BP has named Kate Thomson as interim chief financial officer, following last week’s management upheaval prompted by the sudden resignation of chief executive Bernard Looney.
Looney quit after admitting he had failed to disclose the extent of past personal relationships with colleagues. He was replaced on an interim basis by chief financial officer Murray Auchincloss.
On Tuesday the oil major said that Thomson, who has been with the company for 19 years and has held a number of senior financial positions, would replace Auchincloss in the finance job, also on an interim basis.
Auchincloss said that Thomson “brings deep technical knowledge together with a detailed understanding of BP, and has a first-class track record of leadership across our finance function”.

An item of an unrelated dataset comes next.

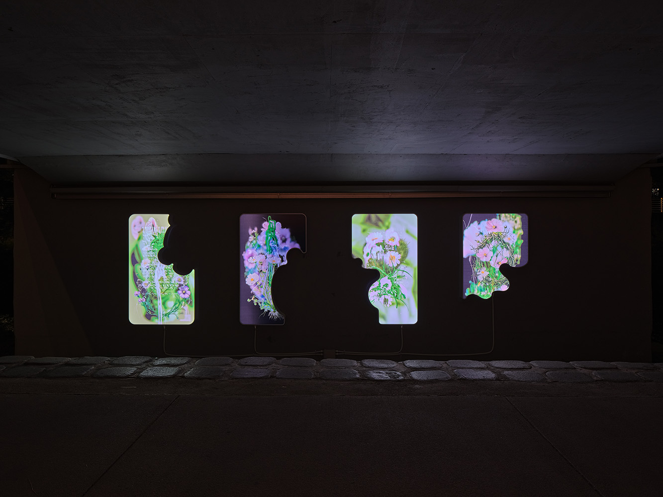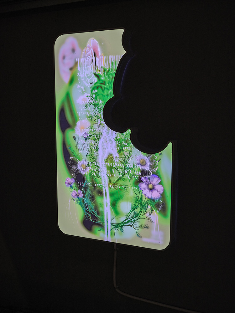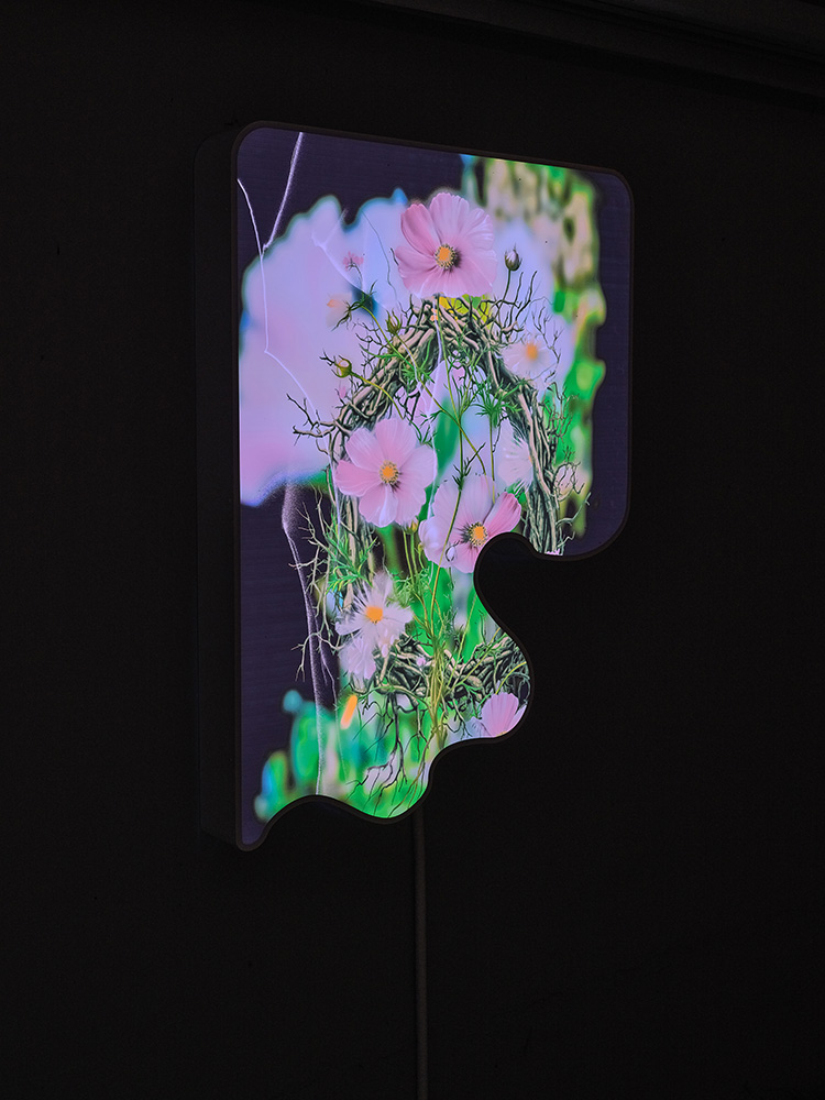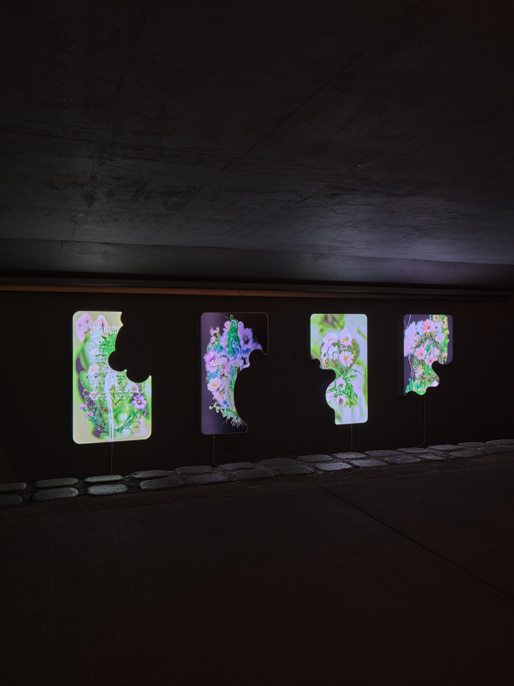 Ram Han captured the scenes she saw while walking, stored them in her memory, and later brought them out to create digital paintings, with a nostalgic touch. She captured the wildflowers and her eroded memories from walks along Danghyeon stream, installed them with a subtle glow, side by side on the wall. Her works, in which floral images intertwine with faint text, resemble faded greeting cards. They evoke the tender romanticism of her parents’ generation, who tenderly offered a single flower with their greetings.

Thomson is BP’s senior vice-president, finance for production & operations, having previously been group treasurer and group head of tax.
BP has given few details about the selection process for Looney’s permanent replacement. The company’s chair, Helge Lund has told investors that he will not take the CEO job.
The company is looking at internal and external candidates. While Lund has indicated that he expects the company’s strategy to remain intact under new leadership, investors are watching to see if BP’s more aggressive push than rivals into renewable energy is sustained.
Shares in BP, which broadly lagged behind peers during Looney’s time at the helm, have risen since his departure was announced, and were up another 1 per cent on Tuesday.
Energy company stocks have been bolstered in part by a rising oil price, with Brent crude surpassing $95 a barrel for the first time this year on Tuesday.
Rising prices and the broader fuel crisis sparked by Russia’s reduction in gas supplies to Europe has created additional tensions in a sector struggling to figure out how to best navigate the energy transition.
While the International Energy Agency has said it expects global oil, gas and coal demand to all peak before the end of this decade, some of the world’s largest oil producers have pushed back and warned the sector still needs investment.
Saudi Arabia’s energy minister Prince Abdulaziz bin Salman and the head of its state oil company Saudi Aramco both warned on Tuesday that forecasts for peak oil demand were misguided.
Speaking at the same conference in Calgary, ExxonMobil chief executive Darren Woods cautioned that there would not be a sudden shift away from fossil fuels and that investment had to be sustained in the industry.
BP in February scaled back plans to cut its oil and gas production by 2030, reducing the expected fall to 25 per cent over the decade from 40 per cent previously, while also increasing the amount it will invest in the transition.